Content starts

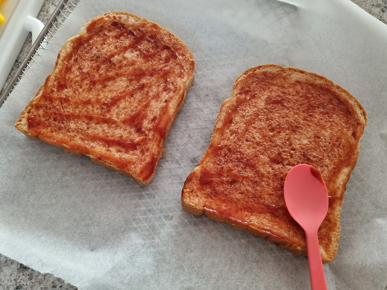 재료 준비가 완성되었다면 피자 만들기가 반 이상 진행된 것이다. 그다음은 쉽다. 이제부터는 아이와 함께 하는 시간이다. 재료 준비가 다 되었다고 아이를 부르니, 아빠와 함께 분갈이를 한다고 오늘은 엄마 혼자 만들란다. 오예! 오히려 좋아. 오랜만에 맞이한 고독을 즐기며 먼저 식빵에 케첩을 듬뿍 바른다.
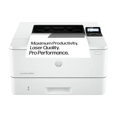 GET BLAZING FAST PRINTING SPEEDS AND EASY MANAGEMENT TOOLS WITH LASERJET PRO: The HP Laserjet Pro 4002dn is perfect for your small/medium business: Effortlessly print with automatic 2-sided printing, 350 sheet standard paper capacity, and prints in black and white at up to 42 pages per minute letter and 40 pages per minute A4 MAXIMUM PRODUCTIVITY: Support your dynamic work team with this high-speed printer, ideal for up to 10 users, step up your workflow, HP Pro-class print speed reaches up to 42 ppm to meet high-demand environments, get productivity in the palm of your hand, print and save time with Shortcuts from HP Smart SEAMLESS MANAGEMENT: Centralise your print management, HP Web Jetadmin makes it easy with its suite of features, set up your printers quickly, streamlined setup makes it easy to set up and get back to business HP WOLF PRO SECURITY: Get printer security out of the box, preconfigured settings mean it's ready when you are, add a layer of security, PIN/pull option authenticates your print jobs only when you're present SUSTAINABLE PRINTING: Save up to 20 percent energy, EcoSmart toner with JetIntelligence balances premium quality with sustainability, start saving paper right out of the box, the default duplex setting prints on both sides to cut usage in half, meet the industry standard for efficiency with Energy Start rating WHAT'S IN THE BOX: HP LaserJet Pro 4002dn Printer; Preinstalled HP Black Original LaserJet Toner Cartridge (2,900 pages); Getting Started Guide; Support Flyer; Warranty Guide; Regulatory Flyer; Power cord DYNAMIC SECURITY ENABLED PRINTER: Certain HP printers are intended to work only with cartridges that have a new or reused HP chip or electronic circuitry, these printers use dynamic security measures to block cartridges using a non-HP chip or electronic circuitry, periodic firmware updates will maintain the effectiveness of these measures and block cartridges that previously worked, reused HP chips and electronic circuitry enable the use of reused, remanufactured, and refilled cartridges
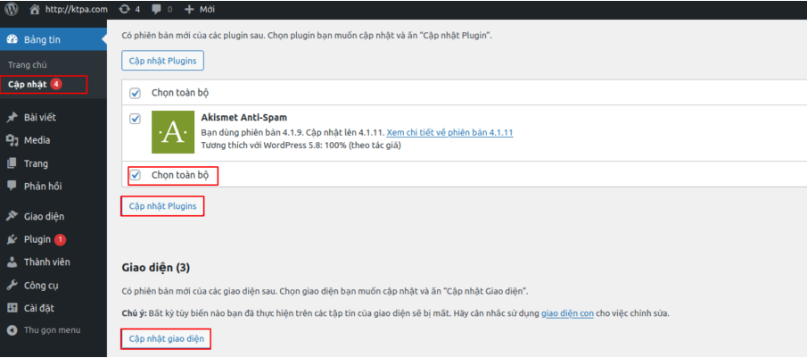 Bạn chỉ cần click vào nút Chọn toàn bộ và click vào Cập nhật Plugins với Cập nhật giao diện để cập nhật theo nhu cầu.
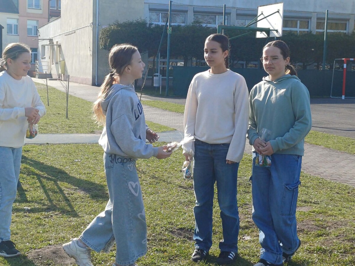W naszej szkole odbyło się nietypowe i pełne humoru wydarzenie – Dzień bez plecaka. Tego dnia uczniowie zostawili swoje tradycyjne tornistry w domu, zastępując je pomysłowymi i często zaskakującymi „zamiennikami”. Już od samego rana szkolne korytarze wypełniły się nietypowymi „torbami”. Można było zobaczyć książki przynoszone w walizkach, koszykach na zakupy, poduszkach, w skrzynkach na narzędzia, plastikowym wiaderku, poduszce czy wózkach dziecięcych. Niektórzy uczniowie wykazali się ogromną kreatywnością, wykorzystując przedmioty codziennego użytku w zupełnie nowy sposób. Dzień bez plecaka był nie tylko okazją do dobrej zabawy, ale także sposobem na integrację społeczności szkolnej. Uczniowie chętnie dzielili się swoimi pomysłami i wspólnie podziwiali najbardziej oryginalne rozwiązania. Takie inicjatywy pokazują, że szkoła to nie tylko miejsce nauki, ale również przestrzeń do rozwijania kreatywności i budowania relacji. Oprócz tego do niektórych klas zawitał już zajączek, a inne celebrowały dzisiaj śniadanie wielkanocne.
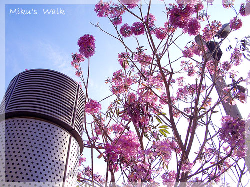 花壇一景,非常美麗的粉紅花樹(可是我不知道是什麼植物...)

Content ends
Content starts

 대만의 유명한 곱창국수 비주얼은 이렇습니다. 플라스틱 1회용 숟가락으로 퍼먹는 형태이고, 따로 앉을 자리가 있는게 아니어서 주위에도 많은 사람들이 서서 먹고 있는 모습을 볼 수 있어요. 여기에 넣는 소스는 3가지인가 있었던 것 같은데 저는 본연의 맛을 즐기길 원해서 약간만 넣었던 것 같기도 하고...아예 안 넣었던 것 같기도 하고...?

Content ends

• What you need to do: Transcribe the lines above exactly, beginning at the one with "Bạn chỉ cần" and ending at the one with "花壇一景,非常美麗的粉紅花樹(可是我不知道是什麼植物...)". Include both; exclude the pictures.

• Solution to the exercise:
 Bạn chỉ cần click vào nút Chọn toàn bộ và click vào Cập nhật Plugins với Cập nhật giao diện để cập nhật theo nhu cầu.
W naszej szkole odbyło się nietypowe i pełne humoru wydarzenie – Dzień bez plecaka. Tego dnia uczniowie zostawili swoje tradycyjne tornistry w domu, zastępując je pomysłowymi i często zaskakującymi „zamiennikami”. Już od samego rana szkolne korytarze wypełniły się nietypowymi „torbami”. Można było zobaczyć książki przynoszone w walizkach, koszykach na zakupy, poduszkach, w skrzynkach na narzędzia, plastikowym wiaderku, poduszce czy wózkach dziecięcych. Niektórzy uczniowie wykazali się ogromną kreatywnością, wykorzystując przedmioty codziennego użytku w zupełnie nowy sposób. Dzień bez plecaka był nie tylko okazją do dobrej zabawy, ale także sposobem na integrację społeczności szkolnej. Uczniowie chętnie dzielili się swoimi pomysłami i wspólnie podziwiali najbardziej oryginalne rozwiązania. Takie inicjatywy pokazują, że szkoła to nie tylko miejsce nauki, ale również przestrzeń do rozwijania kreatywności i budowania relacji. Oprócz tego do niektórych klas zawitał już zajączek, a inne celebrowały dzisiaj śniadanie wielkanocne.
 花壇一景,非常美麗的粉紅花樹(可是我不知道是什麼植物...)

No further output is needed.